I’m always loathe to use the phrase “coming out” to refer to things that aren’t actually, you know, coming out.

It feels very appropriating, especially when used in the context of a kink or fetish rather than a physical condition — the reality is that wearing diapers for fun and plewp_e, while not exactly socially approved, is certainly not the same sort of uphill struggle that open homosexuality has historically been.

But all that said, there usually are times when a diaper lover or an adult baby needs to let someone who’s not part of the “scene” know about his or her predilections, and that can be a tough, awkward conversation.

Here’s what I’ve learned from my years of wearing diapers:

1. Be Honest with Yourself about Who Needs to Know

A rule of thumb that has always served me well is this: if it will require specific effort to hide my diaper-wearing from an individual, I’m better off telling that individual.

That’s both courtesy to them (honesty = good) and less mental stress for you (deception = work). You don’t want to have to be constantly worrying that you’ve left a used diaper somewhere, or that your stash will be discovered, or that a bit of plastic will poke out of your waistband at the wrong moment. It just wears you down and makes you feel awful.

So take a good stock of the people in your life who are going to find out anyway, and who might be affected by it. Your co-workers don’t all need to know, for example, since it doesn’t have much impact on them, but you probably want to discreetly inform your boss so that he or she is prepared in advance if anyone does notice and is rude enough to mention it “up the chain.”

Similarly, anyone you’re sharing a house with — parents, roommates, spouses, whatever — definitely needs to know. You’re sharing bathrooms, trash cans, and other real, practical things that your diaper-wearing affects.

Make your own calls — but make them honestly. Don’t try to wriggle out by telling yourself that so-and-so probably won’t ever notice. If you’re in their life a lot, or vice versa, they should probably be in the loop.

2. Don’t Make a Show of It

People respond to cues. If you call everyone together and tell them you have a shocking revelation that might upset them, they’re going to be primed to be upset. Avoid the “family meeting” or “relationship counseling” sort of solemn-faced, grim-voiced scenario.

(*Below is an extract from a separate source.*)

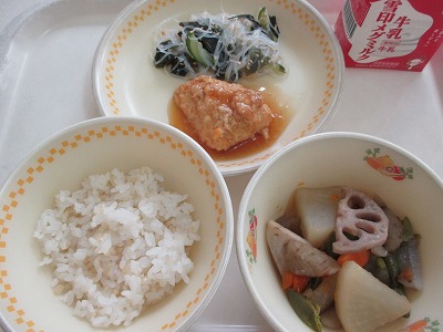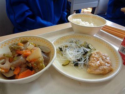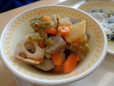 大根やれんこんなど、根菜がたっぷり入った煮物です。

Instead, just pull the person you need to tell quietly aside during some everyday interaction and say “Hey, let me grab you for a moment.”

Then, lead off with “This isn’t really a big deal, but I thought you should probably know…” and segue into your explanation. Treat it with a little gentle humility, but don’t act like you’re letting them in on a huge, life-changing secret. You’re really not.

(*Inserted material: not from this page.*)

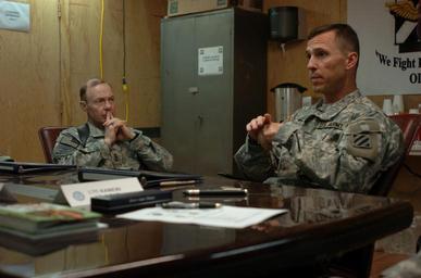 | Keywords: I Corps commander visits 3rd CAB DVIDS84724.jpg en Col Dan Ball right commander of 3rd Combat Aviation Brigade 3rd Infantry Division briefs Lt Gen Charles H Jacoby Jr commander of I Corps on the capabilities and structure of the 3rd CAB April 17 at Camp Striker Baghdad 2008-04-17 Sgt 1st Class Thomas Mills https //www dvidshub net/image/84724 84724 2008-04-18 16 05 CAMP STRIKER IQ PD-USGov Charles H Jacoby Jr 3rd Infantry Division United States Camp Striker Images from DoD uploaded by Fæ |

The more ordinary you make your explanation, the more likely it is that your listener will accept your diaper wearing as just that — ordinary.

3. Avoid Detailed Explanations

You don’t have to tell everyone your motivation for wearing diapers. In fact, if the motivation is primarily sexual, it’s pretty rude to. They don’t want to hear that, any more than you want to know what gets their naughty bits tingling!

A good explanation should go something like “Since you’re going to be seeing me around a lot anyway, I just thought you should know: I wear diapers, and they do show from time to time. Don’t be shocked if my pants look a little thick or I’ve got some plastic sticking out over my waistband or whatever.”

They may ask “why,” though most people won’t. Even then you’re allowed to keep it vague: “It’s something I’ve needed to do for a while now. I’m not getting sick or anything, I just need diapers under my clothing.”

Avoid getting into nuances of medical conditions, incontinence, psychological issues, or anything else along those lines. “I need them and I wear them” is more than enough.

And that’s all there is to it — it’s not always a fun conversation to have, and it can be especially hard with family members, but at the end of the day it takes about fifteen minutes of mild embarrassment  Compare that to the hurt feelings that will inevitably occur if someone finds out and realizes that you didn’t trust him or her with the information, and it’s well worth the brief awkwardness.